Last May in Los Angeles the Celtics did not have better or more able-bodied men. Russell was running with muscular pains; Sam Jones played with two bad ankles; Larry Siegfried looked as though he'd been hit repeatedly by a truck. On the other hand, Los Angeles had Jerry West, scoring close to 40 points a game; one of the greatest forwards in Elgin Baylor; and, of course, Wilt Chamberlain.
Who won the 1969 NBA World Championship? The Celtics did. The Lakers were separate entities: Chamberlain, West, Baylor and others. The Celtics were not merely five men on a basketball court; they were (and are) one team. Though Russell, the man who played an integral part in the Celtics' victories, may not be around much longer, the team will continue to bring pennants to Boston.
AVIS E. ORTOLANO
I would like to thank Bill Russell for all he has done for the city of Boston and the National Basketball Association. Now he is gone and the Celtics' opponents can breathe a sigh of relief that they will no longer have to face that eerie intimidation that only Russell could radiate when he was on the floor. Thank you, Mr. Russell, for bringing pride, glory and 11 world championships to Boston.
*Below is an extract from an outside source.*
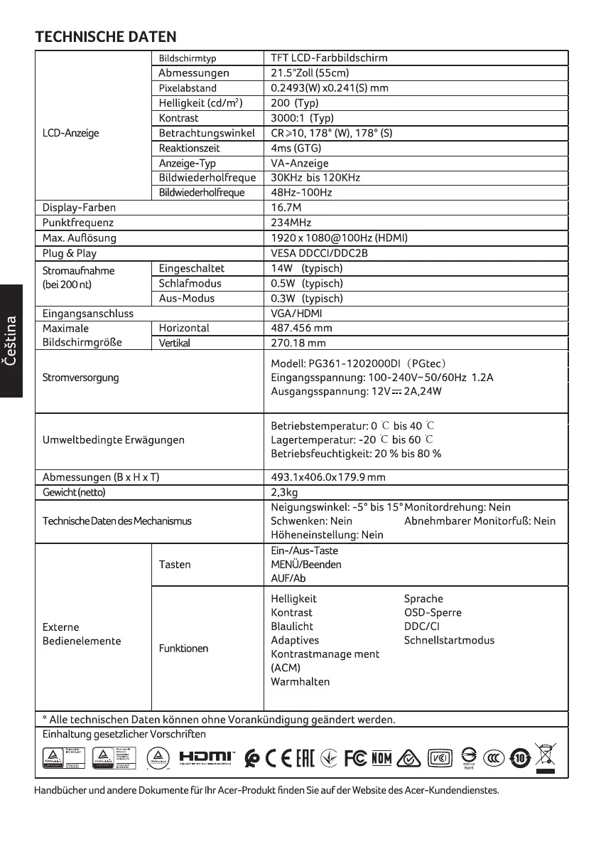 Bekijk gratis de handleiding van Acer V226HQLH, stel vragen en lees de antwoorden op veelvoorkomende problemen, of gebruik onze assistent om sneller informatie in de handleiding te vinden of uitleg te krijgen over specifieke functies.

How could Bill do it to us? How could he quit when there's still one year of glory left for the greatest team in history? Please, Bill, come back to basketball.
I am only one person, but if just a few more write in and express their view of Bill Russell's retirement it might be enough to get him to play at least one more year. I am 14 years old and have followed the Celtics since I was 10.
Thanks for a great article on Derek Clayton (This Is One Stag Who Can Outrun the Hounds, Aug. 4). Very few people realize the hardships of training for a marathon. Most people could not run one mile under five minutes—much less 26 of them.
As a long-distance runner, I wish to express my thanks for Gwilym Brown's excellent article on Australia's Derek Clayton. How true it is about the perils of a long-distance man, the pain of a swollen knee, or the task of waking up for a 6 a.m. run! As world-class amateur athletes, Clayton and his teammate Ron Clarke have been an inspiration to me.
BAD BREAKS AND THE PACKERS
Congratulations to Jerry Kramer for writing one of the best articles published by any magazine. Death by Inches (Aug. 4), written by one of the better guards in professional football history, is the most touching thing I've ever read. Mr. Kramer goes through an exacting account of the downfall of the greatest football dynasty ever.
I have been a fan of the Green Bay Packers for many years, and I must say that this year has been a saddening experience. Mr. Kramer says, "Everybody, it seems, has his own explanation for what went wrong." Well, I didn't. I was stunned when the Packers dropped down, and I didn't know what to think. After reading the article, I developed the opinion that it was the mental attitude that led to the downfall.
Santa Ana, Calif.
The injuries and bad breaks listed by Jerry Kramer in his fine article are certainly astounding. It may seem the entire league's misfortunes were dropped on Green Bay.
But let us now look at Chicago, one of Green Bay's chief opponents. Gale Sayers, Mr. Bear himself, was lost to his club for the most crucial games. If football is a game of inches, then that set the Bears back 10 feet, or maybe six yards per carry.
The Minnesota Vikings, the victors in the Central Division, lost the full effectiveness of several key players, including Dave Osborn. Osborn is a player who can mean the difference between an 8-6 or an 11-3 record.
Green Bay certainly did have trying times, but let's not knock the Vikings' or the Bears' play. The Packers do not have a monopoly on bad breaks.
Retired football player Jerry Kramer's confession was particularly appealing to me as an example of a defeated man probing his inner self for the source of his past motivation. Kramer candidly confronted the question—the source of his motivation as being truly his own, as opposed to a gift from his ex-coach, Vince Lombardi. Kramer's admission that the source was too little his own and too much Lombardi's is why I feel his article is both insightful and a confession.
In a world where the code is one of force and brutality, Jerry Kramer stands out as a remarkable paradox. On the one hand he is able to participate in this world of violence as one of its ablest members, while on the other hand he possesses the sensitivity to appreciate and record the significance and emotions of his experiences. The beautiful simplicity with which he tells his tale of human relationships in a crisis situation presents the reader with a truly priceless gift.